Updated by dalley almost 5 years ago
Re-running the migration plan does continue adding more FileContent to the database FWIW, so there doesn't appear to be any fundamental reason why the content is being skipped. It's just random.
After a second migration I now have 130,000 FileContent (out of 150,000 expected) instead of the 109,000 I had before or the 91,000 I got in the separate test up above.
Updated by dalley almost 5 years ago
- Status changed from ASSIGNED to NEW
- Assignee deleted (
dalley)
I was absolutely able to reproduce this several times, but for some reason, I have stopped being able to, even after environment refreshes and everything I could think of.
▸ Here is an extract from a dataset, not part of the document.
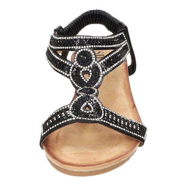 Als modisches Highlight ist der Schuh üppig mit Strass Steinen besetzt.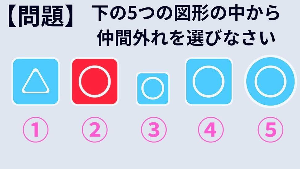 ■回答■ 正解は ④ ! 以下解説↓ それぞれの図形には「唯一の特徴」があります。 ① 中の記号が三角△ ② 色が赤🔴 ③ サイズが小さい ④ ??? ⑤ 形が丸○ ④だけは他の図形と特徴が全てかぶっている。(唯一の特徴が無い) つまり、④が仲間外れ!    だそうです🤔

Given this, I'm going to step back from it for a bit.
Updated by ipanova@redhat.com almost 5 years ago
- Status changed from NEW to ASSIGNED
- Assignee set to ipanova@redhat.com
Added by ipanova@redhat.com almost 5 years ago
Added by ipanova@redhat.com almost 5 years ago
Revision 97a5d04b | View on GitHub
Problem: Migrating large repository leads to unmigrated units.
Solution: Remove slicing of the unevaluated qs.
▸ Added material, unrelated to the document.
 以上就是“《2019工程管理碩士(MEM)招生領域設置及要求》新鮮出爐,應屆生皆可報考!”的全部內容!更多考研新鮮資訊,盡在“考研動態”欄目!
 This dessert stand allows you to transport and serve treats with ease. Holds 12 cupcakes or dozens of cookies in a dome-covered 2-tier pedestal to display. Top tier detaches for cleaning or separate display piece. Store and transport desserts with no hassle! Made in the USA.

Added by ipanova@redhat.com almost 5 years ago
Revision 97a5d04b | View on GitHub
Problem: Migrating large repository leads to unmigrated units.
Solution: Remove slicing of the unevaluated qs.
Updated by ipanova@redhat.com almost 5 years ago
- Status changed from ASSIGNED to POST
Updated by ipanova@redhat.com almost 5 years ago
I post the observations here for historical purpose
In [96]: batch_count = 36
In [97]: batch_size = 4167
In [98]: pulp2content_qs = Pulp2Content.objects.filter(pulp2_content_type_id='iso')
In [99]: migrators = []
In [100]: s = set()
In [101]: for batch_idx in range(batch_count):
...: start = batch_idx * batch_size
...: end = (batch_idx + 1) * batch_size
...: batch = pulp2content_qs[start:end]
...: migrators.append(batch)
In [102]:
...: for i in migrators:
...: s.update(set(i))
In [103]: len(s)
Out[103]: 101194
In [114]: pulp2content_qs.count()
Out[114]: 149997
- we needed to remove slicing, another option is if call list() on the qs which will evaluate it, but as a side effect it will need to evaluate all the values at once..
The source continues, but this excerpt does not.